Publié le par Olivier Millet

La balle Minié

La balle Minié bouleversa le combat d'infanterie par la gravité des blessures qu'elle occasionnait aux combattants. Inventée par l'ingénieur français Claude Étienne Minié, elle donnait aux armes à canon rayé une plus grande puissance par une vitesse accrue en sortie de canon et donc une plus grande portée et précision. La balle utilisée avant ce nouveau projectile était sphérique. L'adoption du canon rayé avait déjà contribué à augmenter la portée et la précision de ce projectile simple en plomb. Mais la balle Minié de par sa forme conique allait encore augmenter ces deux facteurs.

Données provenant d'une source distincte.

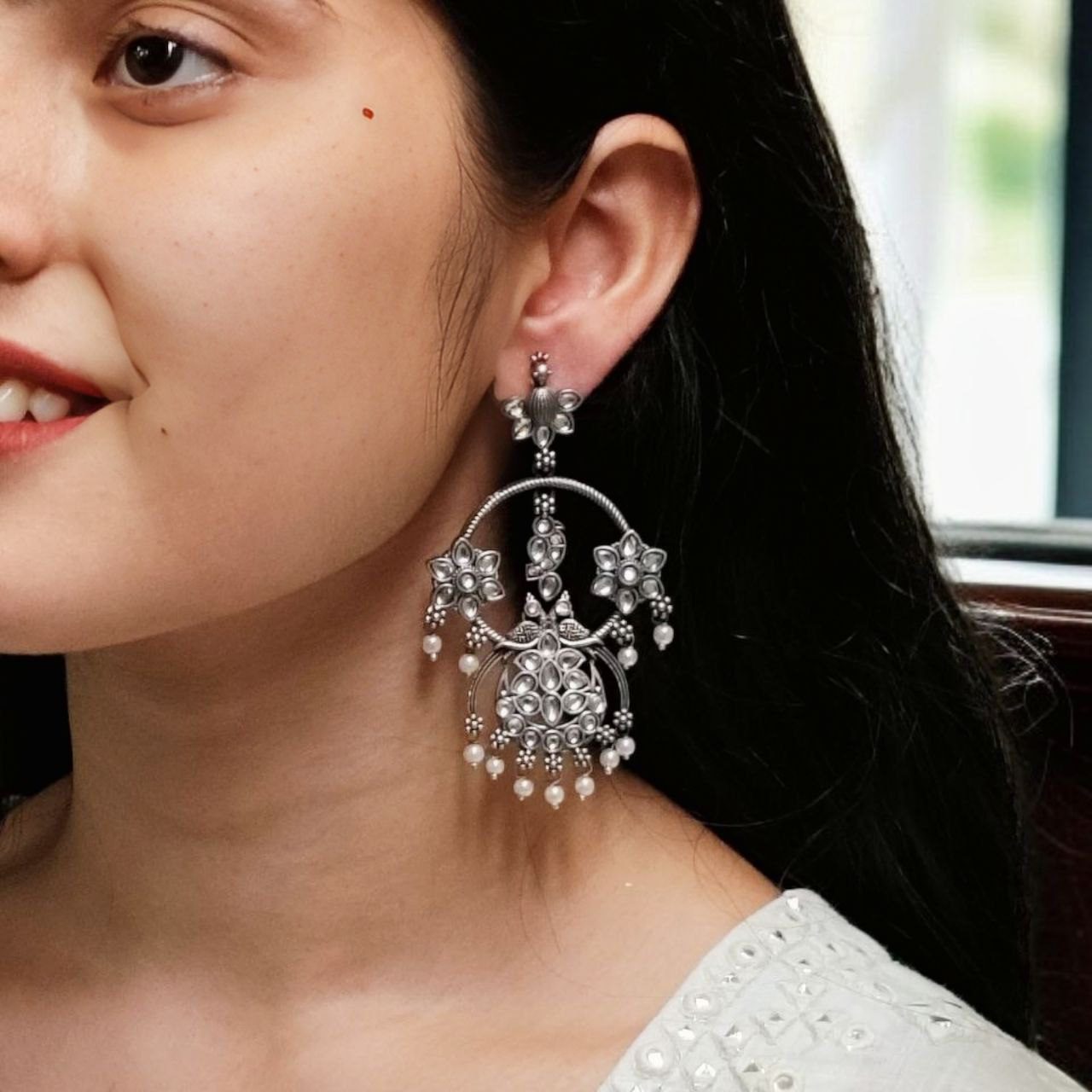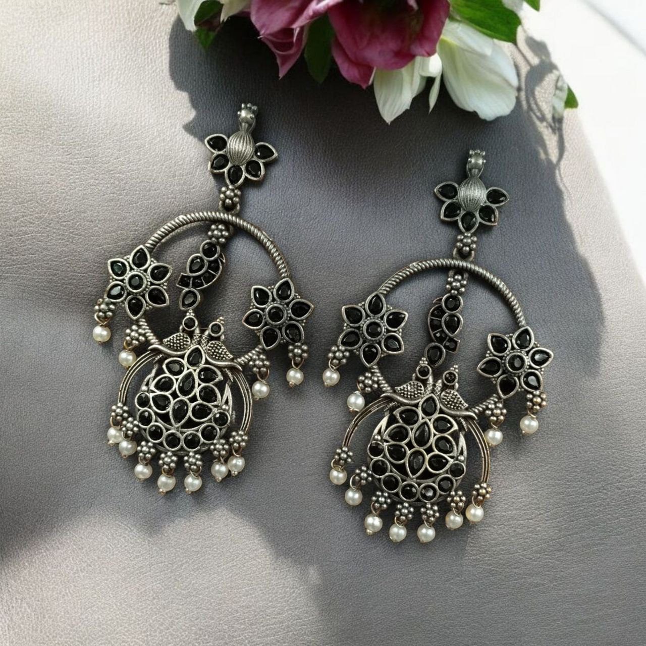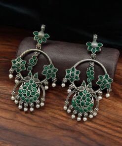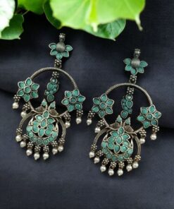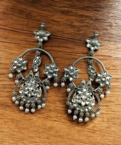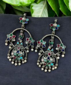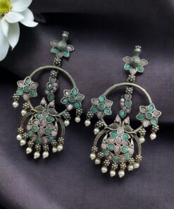 Elevate your ethnic look with our Best Ethnic Peacock Earrings ? Oxidized Stone & Pearl Detailing in Silver Replica Dangler Jewelry. Crafted with intricate detailing and a timeless peacock motif, these earrings are a beautiful representation of traditional elegance blended with artistic craftsmanship.
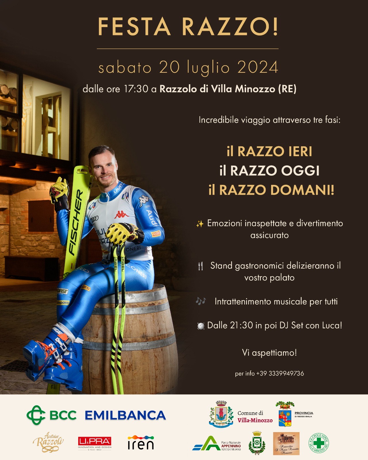 Ora Villa Minozzo dedica una festa al suo campione: “Con grande entusiasmo e un pizzico di nostalgia, siamo lieti di annunciare una festa speciale in onore della straordinaria carriera del nostro amico e campione di sci, Giuliano Razzoli “Razzo”. La festa, aperta a tutti gli appassionati di sport e amici, si terrà sabato 20 luglio dalle 17.30 presso il borgo di Razzolo di Villaminozzo RE.
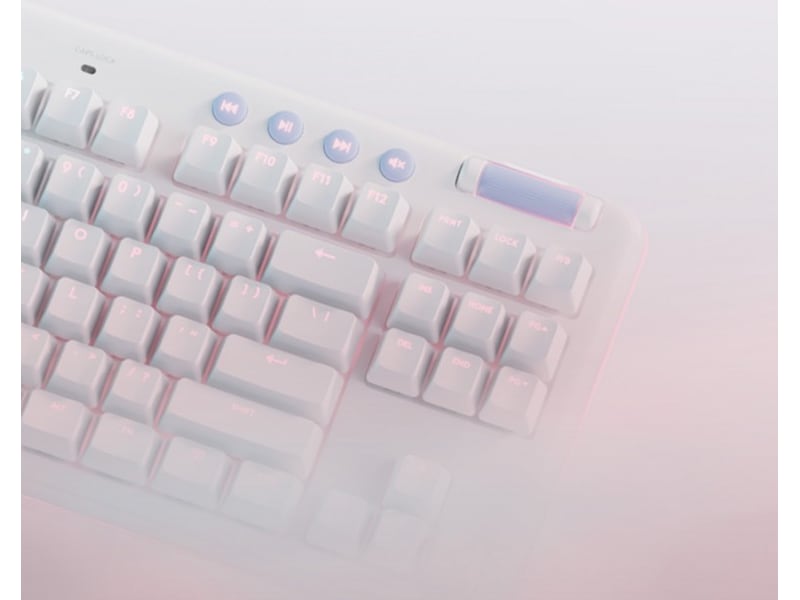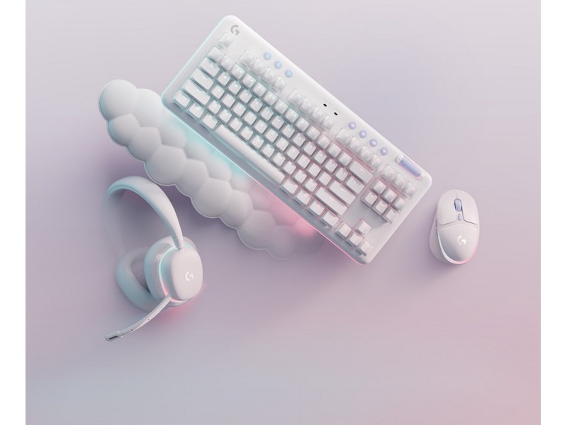 G715 Wireless Gaming Keyboard er en del af Aurorakollektionen og er et kompakt, behageligt tastatur med lavt tastetryk og høj ydeevne, så du kan udtrykke dig selv og spille på din måde. Svæv ud med det drømmende smukke White Mist design og den skyformede bløde håndledsstøtte. Et kompakt layout uden numerisk tastatur og en justerbar højde giver dig en god spilfornemmelse hele dagen lang.

L'ogive, toujours en plomb, cylindrico-conique de la balle Minié pesait 30 grammes, elle améliorait la pénétration dans l'air, la base de la balle striée et creuse permettait une étanchéité bien meilleure lors du départ du coup en conservant les gaz à sa base ; de plus, sous l'effet de la pression des gaz, les bords s'incrustaient dans les rainures du canon l'obligeant à tourner sur elle-même. Ce mouvement rotatif, associé à sa forme et à l'absence de déperdition de gaz à sa base donnait une grande portée au projectile. La balle était pourvue de 4 stries à sa base mais la version américaine n'en comportait que trois. On estime à presque 500 millions les balles produites rien que par le Nord

Le deuxième point important est l'impact d'une telle balle sur un corps humain. La balle brisait les os, pénétrait les chairs et causait des dégâts effroyables en semant des morceaux d'os dans la blessure. La plupart du temps un homme blessé était amputé car la gangrène se répandant très vite empêchait de soigner une blessure bien plus compliquée à soigner. Lorsqu’un membre était touché, les médecins amputaient, si la balle frappait ailleurs il n y avait que peu d'espoir. Une blessure à la poitrine était considérée comme mortelle.

Pendant la guerre civile

Les soldats, avec cette balle précise et mortelle, étaient théoriquement capable de toucher bien plus souvent que lorsqu'ils étaient équipés d'un mousquet classique à la portée moindre. La tactique linéaire employée encore en 1861 faisait que les masses d'hommes qui chargeaient sous le feu ennemi, offraient une cible encore facile et lorsque deux lignes échangeaient des tirs, c'était à coup sûr l'hécatombe. Seulement l'entrainement prenait du temps et ce dernier manquait pour former correctement les hommes, pour certains d'entre ils apprenaient à se servir de leur arme le jour du combat ce qui les aurait rendu bien inefficace si ils avaient du engager l'ennemi a grande distance comme leur arme le leur permettait. Même avec un bon fusil et une balle mortelle, un mauvais tireur reste un mauvais tireur.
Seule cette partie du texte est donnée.